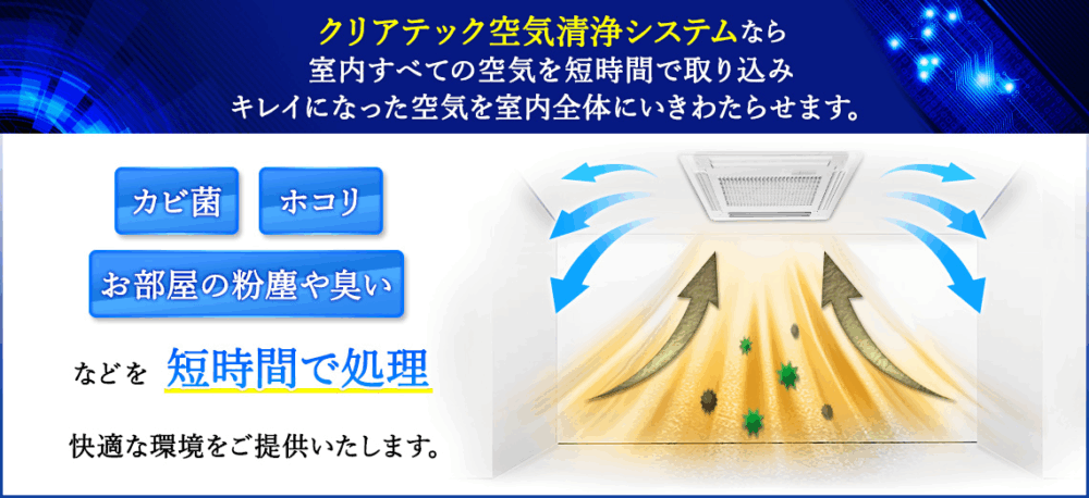 当院では来院いただいている方に安心して通院いただけるよう、待合室・診察室・処置室に【クリアテック社製空気清浄システム】導入いたしました、空気中の汚れや細菌やウイルス等を殺菌して院内の空気感染(新型コロナウイルス、インフルエンザなどの)を予防しています。そのため花粉症などでお悩みの方も当院では快適にお待ちいただけます。また、身体の健康に欠かせないマイナスイオンも豊富に発生させ清潔で安心できる環境を作っております。
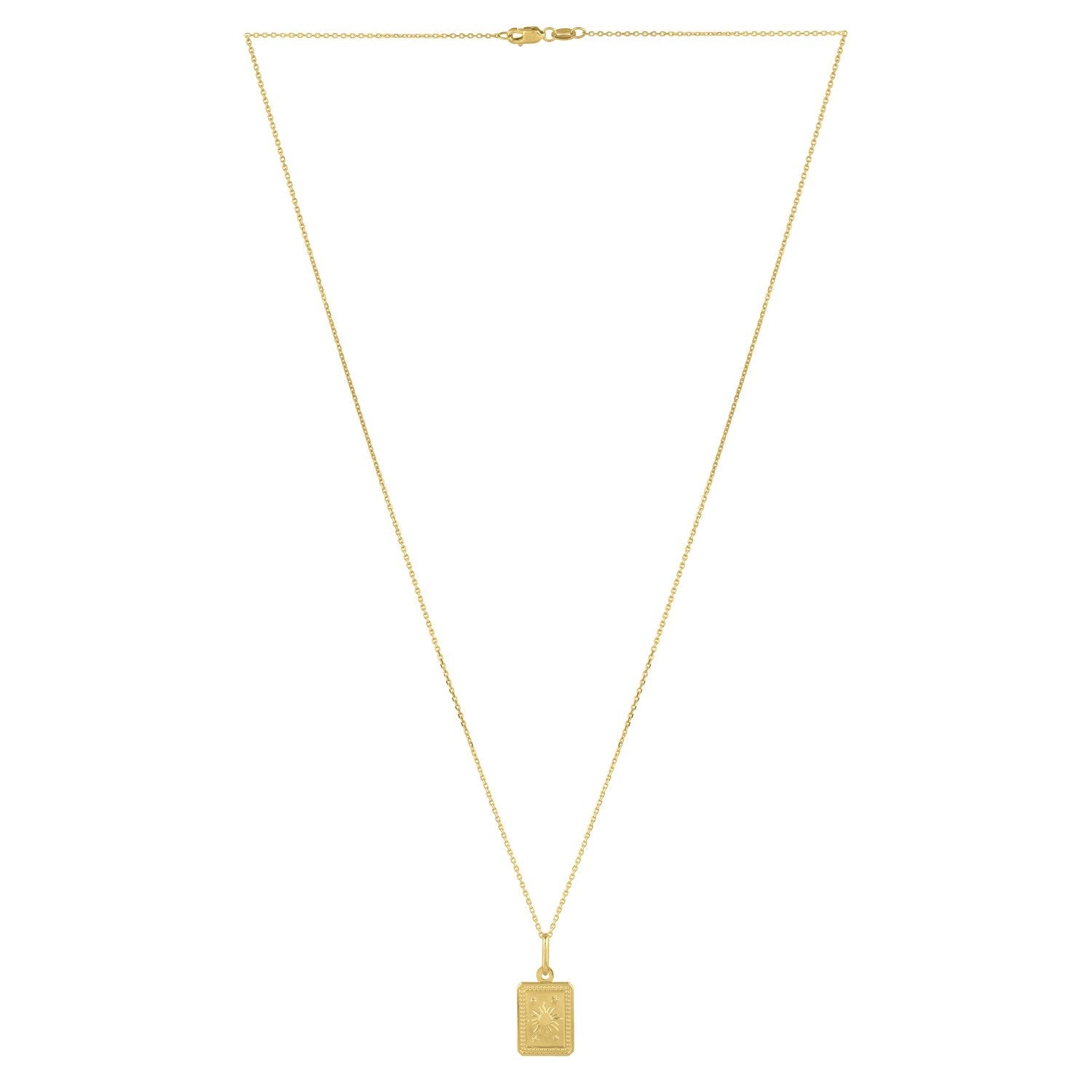 Radiating warmth, this 14k yellow gold rectangle sun & stars pendant celebrates the celestial dance of day and night. Featuring a glowing sun surrounded by shimmering stars and an intricate border, its sleek rectangular frame is enhanced with a polished finish for timeless shine. This pendant, paired with an 18 inches chain, brings a touch of brilliance to your every look. Secured with a lobster clasp closure.
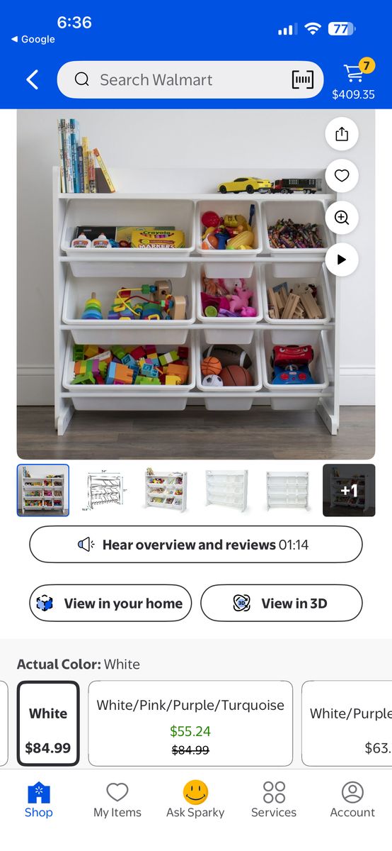 Kids Toy Storage Organizer with Shelf and 9 Plastic Storage Bins, White

==========

Print out the whole listing word for word. Leave the pictures out.

TASK ANSWER:
 当院では来院いただいている方に安心して通院いただけるよう、待合室・診察室・処置室に【クリアテック社製空気清浄システム】導入いたしました、空気中の汚れや細菌やウイルス等を殺菌して院内の空気感染(新型コロナウイルス、インフルエンザなどの)を予防しています。そのため花粉症などでお悩みの方も当院では快適にお待ちいただけます。また、身体の健康に欠かせないマイナスイオンも豊富に発生させ清潔で安心できる環境を作っております。
 Radiating warmth, this 14k yellow gold rectangle sun & stars pendant celebrates the celestial dance of day and night. Featuring a glowing sun surrounded by shimmering stars and an intricate border, its sleek rectangular frame is enhanced with a polished finish for timeless shine. This pendant, paired with an 18 inches chain, brings a touch of brilliance to your every look. Secured with a lobster clasp closure.
 Kids Toy Storage Organizer with Shelf and 9 Plastic Storage Bins, White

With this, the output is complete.